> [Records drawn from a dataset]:
- - - - - - -
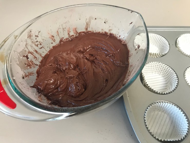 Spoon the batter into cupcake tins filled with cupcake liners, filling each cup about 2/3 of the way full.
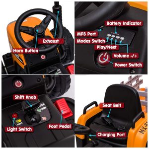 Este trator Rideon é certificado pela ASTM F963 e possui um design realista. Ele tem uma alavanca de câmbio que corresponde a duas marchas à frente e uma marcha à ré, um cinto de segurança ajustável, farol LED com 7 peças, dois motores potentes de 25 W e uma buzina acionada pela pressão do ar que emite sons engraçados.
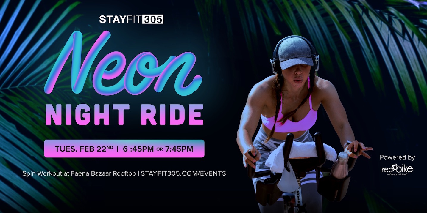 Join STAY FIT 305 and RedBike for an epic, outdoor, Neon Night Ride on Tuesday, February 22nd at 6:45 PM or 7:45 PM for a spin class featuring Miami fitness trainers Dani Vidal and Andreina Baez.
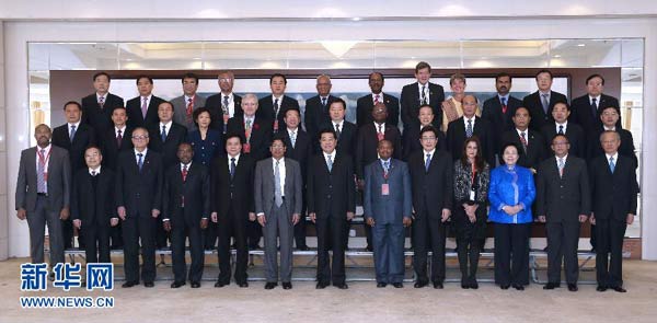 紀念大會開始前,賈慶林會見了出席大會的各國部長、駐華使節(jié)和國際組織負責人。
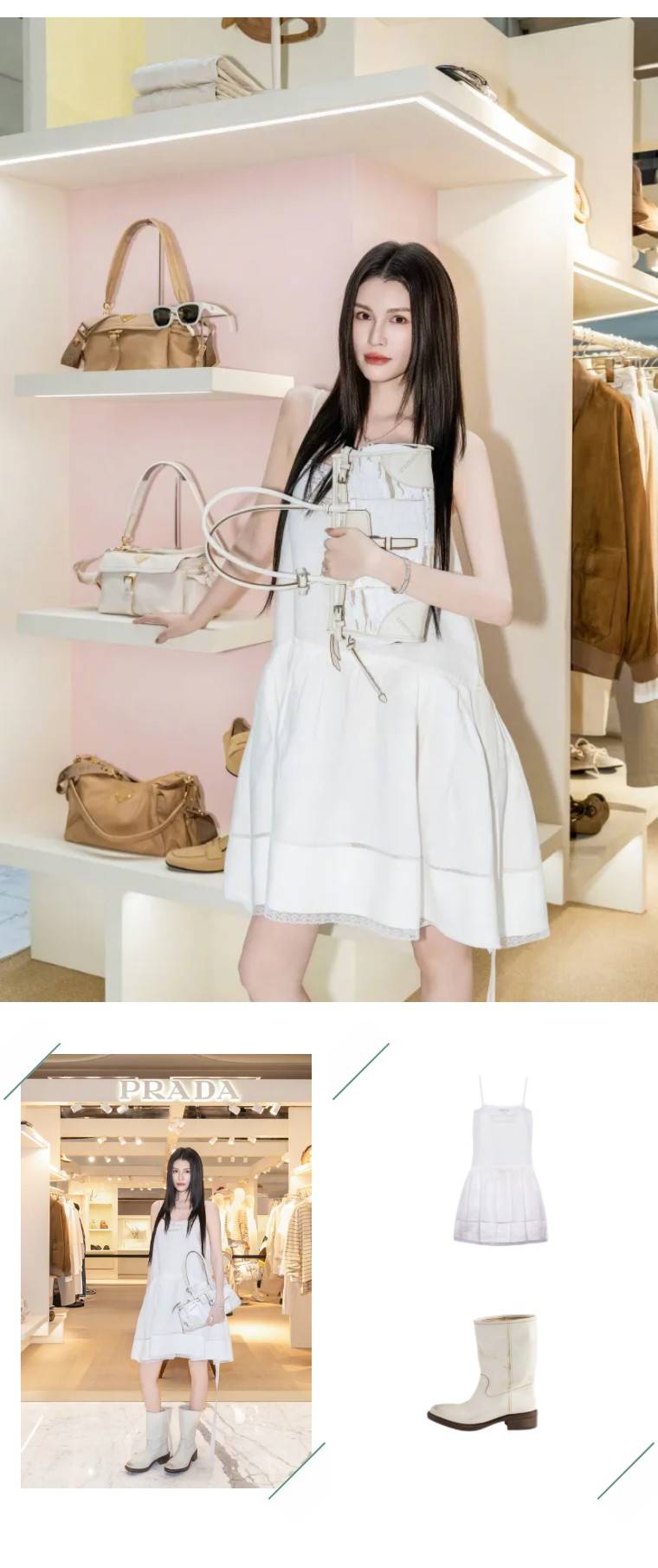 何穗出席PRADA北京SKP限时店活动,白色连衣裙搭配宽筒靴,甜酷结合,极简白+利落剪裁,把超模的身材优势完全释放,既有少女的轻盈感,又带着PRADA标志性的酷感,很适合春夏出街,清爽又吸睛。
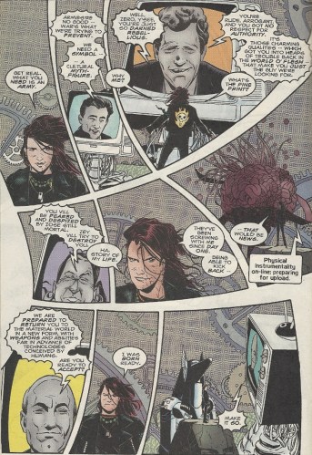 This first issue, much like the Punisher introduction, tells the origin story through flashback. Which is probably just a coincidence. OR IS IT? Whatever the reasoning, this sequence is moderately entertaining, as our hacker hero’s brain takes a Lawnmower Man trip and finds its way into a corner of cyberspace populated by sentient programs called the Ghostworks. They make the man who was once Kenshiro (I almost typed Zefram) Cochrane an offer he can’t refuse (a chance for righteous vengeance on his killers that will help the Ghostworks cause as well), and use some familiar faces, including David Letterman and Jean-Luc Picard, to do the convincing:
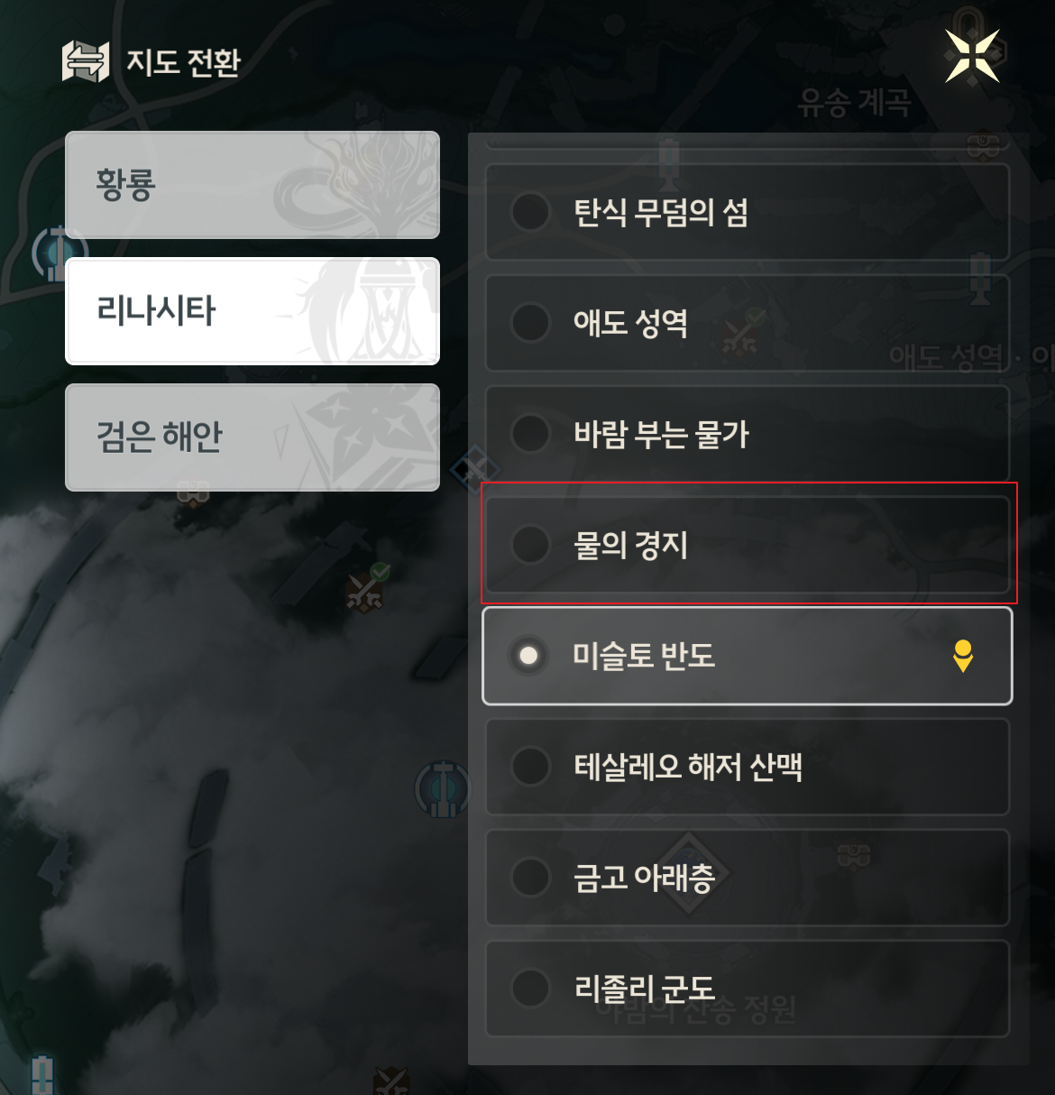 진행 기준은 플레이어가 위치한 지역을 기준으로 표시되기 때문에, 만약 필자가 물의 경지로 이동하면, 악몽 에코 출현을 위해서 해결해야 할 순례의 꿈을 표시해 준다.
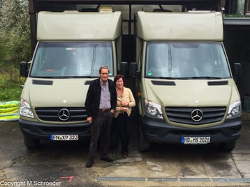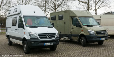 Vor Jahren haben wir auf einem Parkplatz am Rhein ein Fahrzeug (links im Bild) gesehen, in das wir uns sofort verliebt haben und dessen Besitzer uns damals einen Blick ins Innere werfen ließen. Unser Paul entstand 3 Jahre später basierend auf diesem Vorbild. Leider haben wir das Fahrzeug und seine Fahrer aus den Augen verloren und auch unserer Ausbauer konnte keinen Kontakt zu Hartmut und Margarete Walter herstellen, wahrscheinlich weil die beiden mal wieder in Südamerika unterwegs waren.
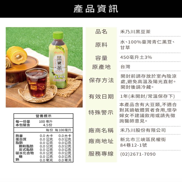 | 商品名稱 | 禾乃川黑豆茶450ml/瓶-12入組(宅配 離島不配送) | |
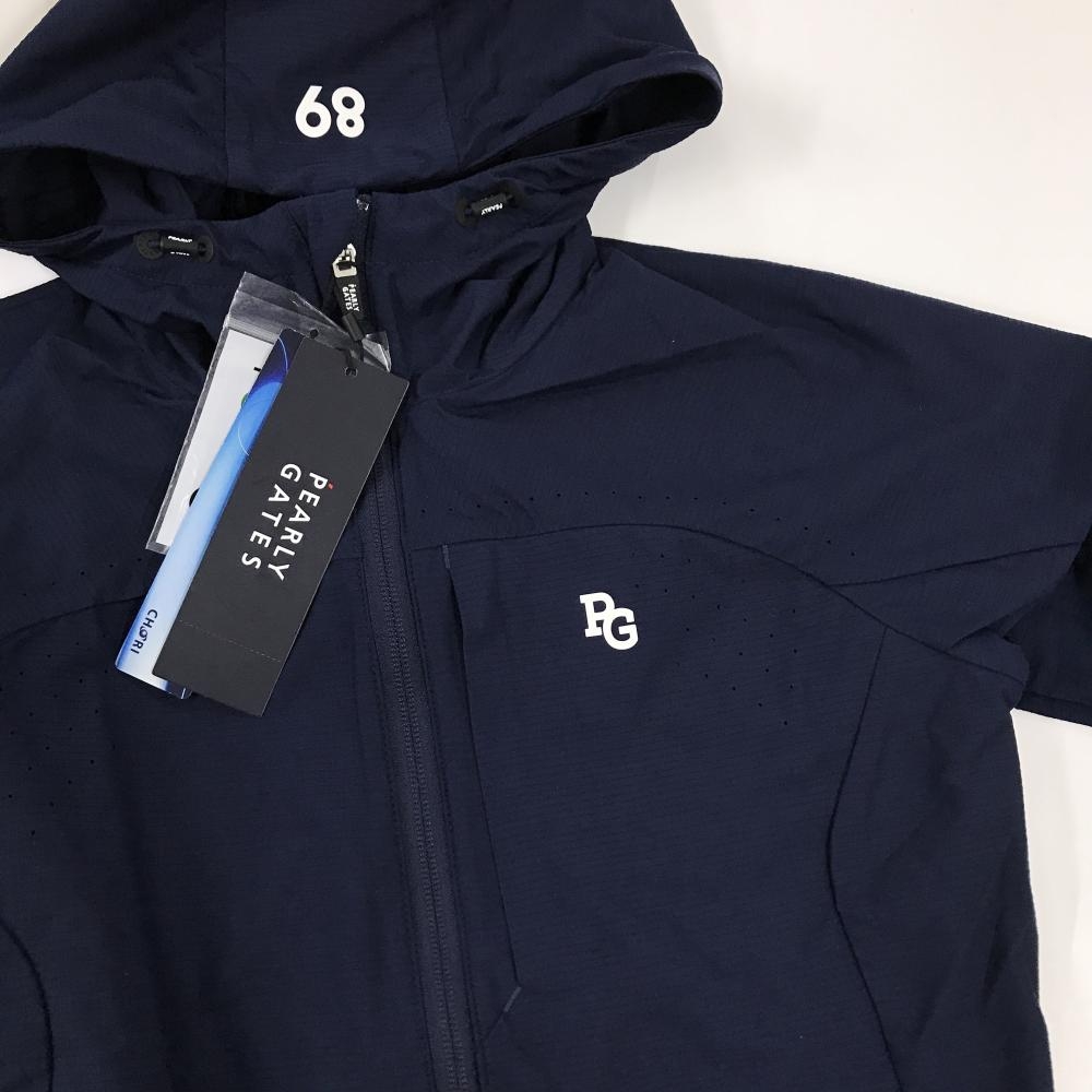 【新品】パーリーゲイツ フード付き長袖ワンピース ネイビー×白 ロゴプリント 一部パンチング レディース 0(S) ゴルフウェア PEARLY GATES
- - - - - - -
> [Exercise objective]:
Without the pictures, repeat exactly the lines running from the line containing "This first issue, much" through the end of the data, both ends included.

> [Expected answer]:
 This first issue, much like the Punisher introduction, tells the origin story through flashback. Which is probably just a coincidence. OR IS IT? Whatever the reasoning, this sequence is moderately entertaining, as our hacker hero’s brain takes a Lawnmower Man trip and finds its way into a corner of cyberspace populated by sentient programs called the Ghostworks. They make the man who was once Kenshiro (I almost typed Zefram) Cochrane an offer he can’t refuse (a chance for righteous vengeance on his killers that will help the Ghostworks cause as well), and use some familiar faces, including David Letterman and Jean-Luc Picard, to do the convincing:
 진행 기준은 플레이어가 위치한 지역을 기준으로 표시되기 때문에, 만약 필자가 물의 경지로 이동하면, 악몽 에코 출현을 위해서 해결해야 할 순례의 꿈을 표시해 준다.
 Vor Jahren haben wir auf einem Parkplatz am Rhein ein Fahrzeug (links im Bild) gesehen, in das wir uns sofort verliebt haben und dessen Besitzer uns damals einen Blick ins Innere werfen ließen. Unser Paul entstand 3 Jahre später basierend auf diesem Vorbild. Leider haben wir das Fahrzeug und seine Fahrer aus den Augen verloren und auch unserer Ausbauer konnte keinen Kontakt zu Hartmut und Margarete Walter herstellen, wahrscheinlich weil die beiden mal wieder in Südamerika unterwegs waren.
 | 商品名稱 | 禾乃川黑豆茶450ml/瓶-12入組(宅配 離島不配送) | |
 【新品】パーリーゲイツ フード付き長袖ワンピース ネイビー×白 ロゴプリント 一部パンチング レディース 0(S) ゴルフウェア PEARLY GATES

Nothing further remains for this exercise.